Records provided –

****************************************

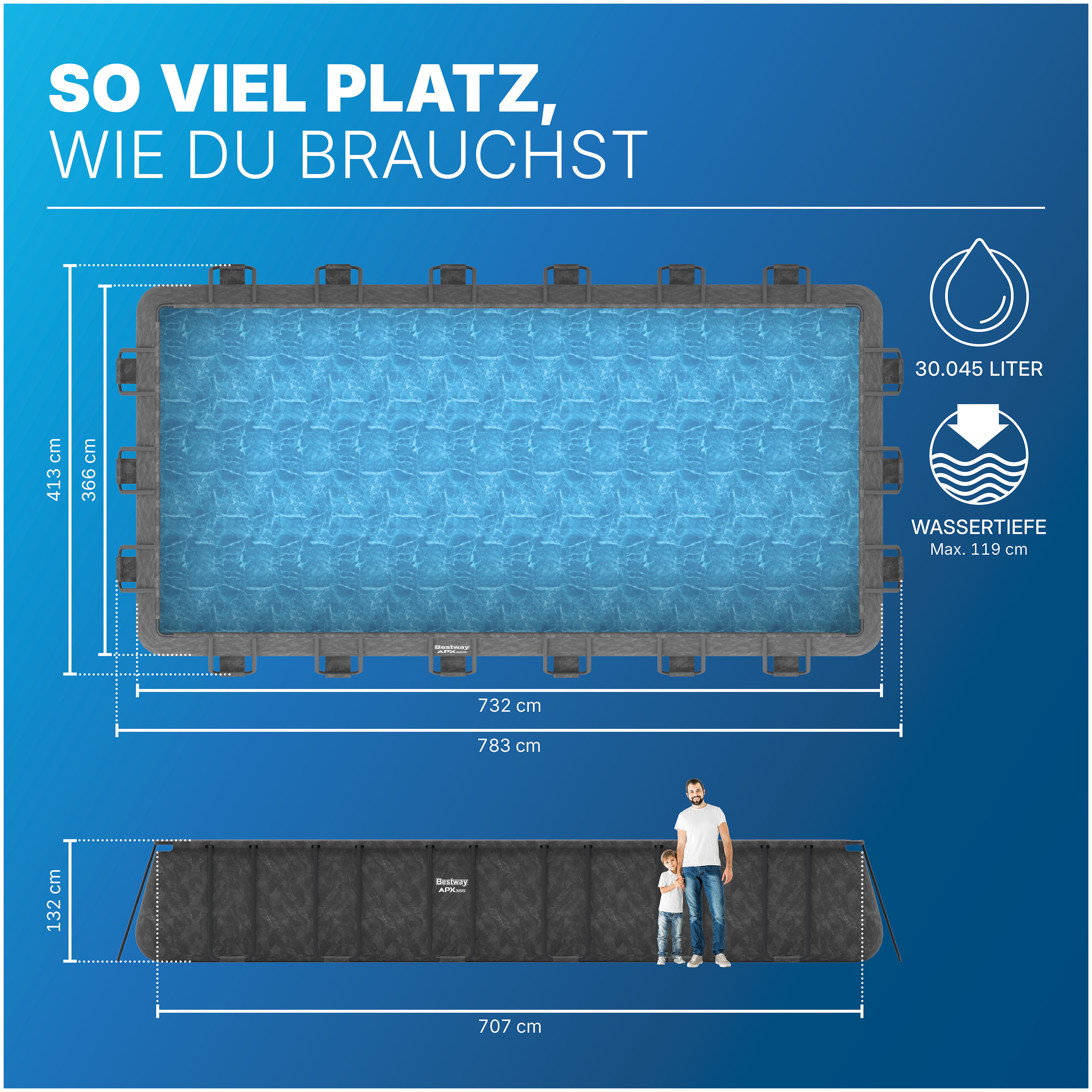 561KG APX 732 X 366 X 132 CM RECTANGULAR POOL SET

****************************************

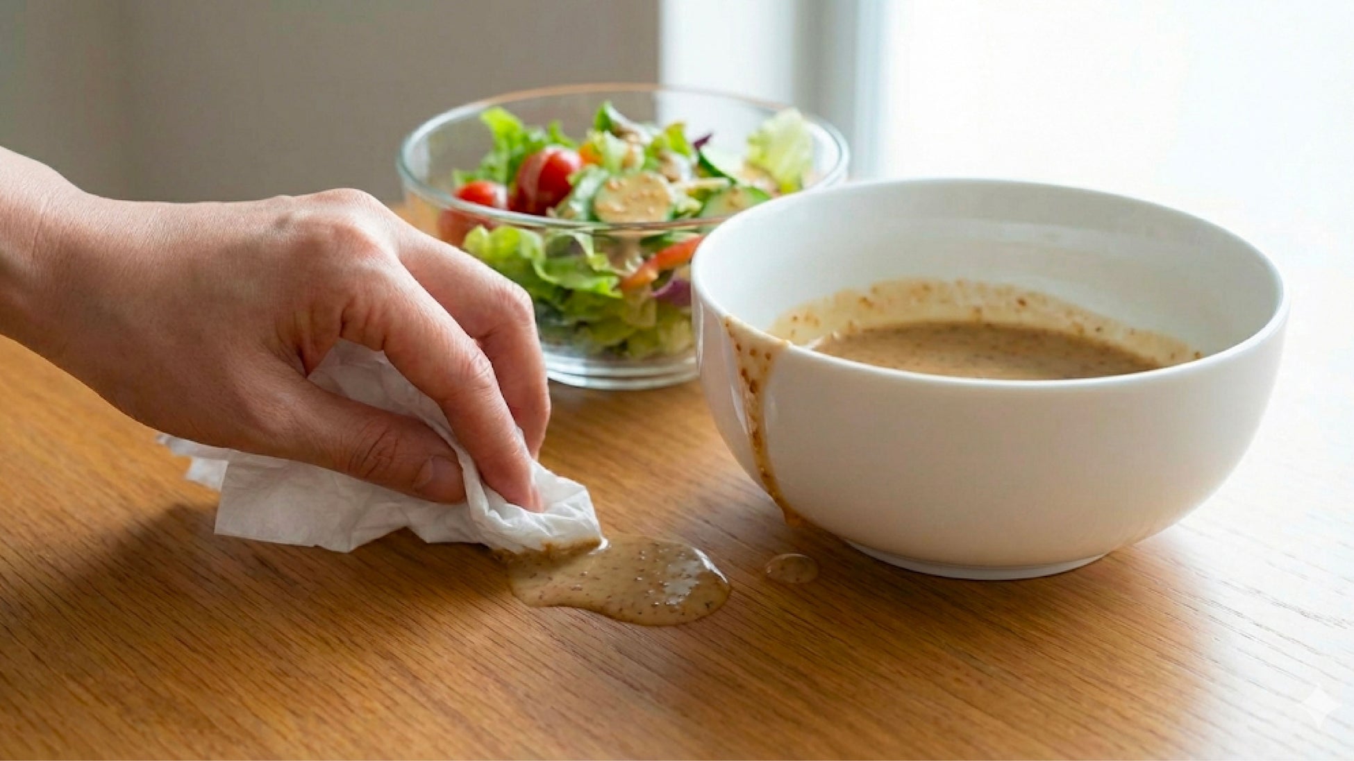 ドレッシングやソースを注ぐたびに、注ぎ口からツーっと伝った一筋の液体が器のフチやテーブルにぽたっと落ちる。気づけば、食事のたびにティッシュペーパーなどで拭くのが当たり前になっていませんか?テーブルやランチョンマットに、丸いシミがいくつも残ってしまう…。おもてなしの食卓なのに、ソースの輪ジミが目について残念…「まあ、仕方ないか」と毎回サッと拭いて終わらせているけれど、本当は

****************************************

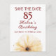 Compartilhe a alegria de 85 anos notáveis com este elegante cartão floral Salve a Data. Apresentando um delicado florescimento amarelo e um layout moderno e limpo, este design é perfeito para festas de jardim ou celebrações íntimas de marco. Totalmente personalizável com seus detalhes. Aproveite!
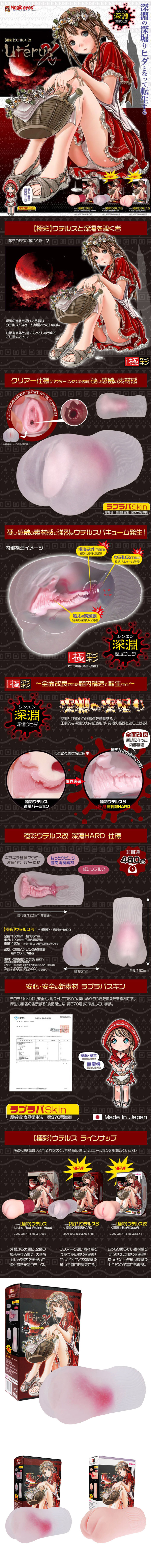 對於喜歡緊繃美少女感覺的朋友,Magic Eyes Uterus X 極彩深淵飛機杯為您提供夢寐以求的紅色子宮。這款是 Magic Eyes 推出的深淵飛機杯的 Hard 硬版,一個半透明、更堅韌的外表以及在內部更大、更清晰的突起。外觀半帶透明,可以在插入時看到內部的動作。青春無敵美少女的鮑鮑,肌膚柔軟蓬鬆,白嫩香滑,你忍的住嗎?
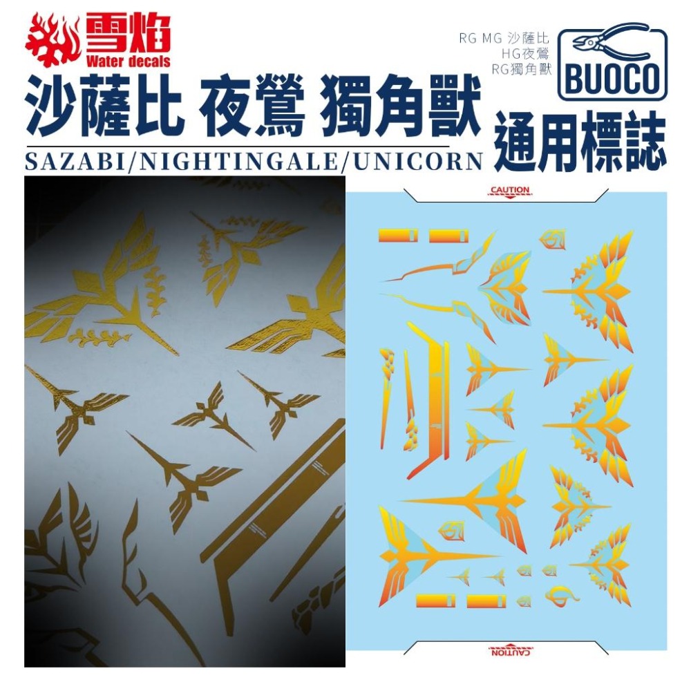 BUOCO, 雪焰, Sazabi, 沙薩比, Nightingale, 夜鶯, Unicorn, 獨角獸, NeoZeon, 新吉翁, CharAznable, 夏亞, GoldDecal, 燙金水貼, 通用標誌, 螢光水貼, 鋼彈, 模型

****************************************

Task prompt –
Your answer should consist of the lines above between those holding "Compartilhe a alegria" and "螢光水貼, 鋼彈, 模型", inclusive, reproduced word for word and without pictures.

Task solution –
 Compartilhe a alegria de 85 anos notáveis com este elegante cartão floral Salve a Data. Apresentando um delicado florescimento amarelo e um layout moderno e limpo, este design é perfeito para festas de jardim ou celebrações íntimas de marco. Totalmente personalizável com seus detalhes. Aproveite!
 對於喜歡緊繃美少女感覺的朋友,Magic Eyes Uterus X 極彩深淵飛機杯為您提供夢寐以求的紅色子宮。這款是 Magic Eyes 推出的深淵飛機杯的 Hard 硬版,一個半透明、更堅韌的外表以及在內部更大、更清晰的突起。外觀半帶透明,可以在插入時看到內部的動作。青春無敵美少女的鮑鮑,肌膚柔軟蓬鬆,白嫩香滑,你忍的住嗎?
 BUOCO, 雪焰, Sazabi, 沙薩比, Nightingale, 夜鶯, Unicorn, 獨角獸, NeoZeon, 新吉翁, CharAznable, 夏亞, GoldDecal, 燙金水貼, 通用標誌, 螢光水貼, 鋼彈, 模型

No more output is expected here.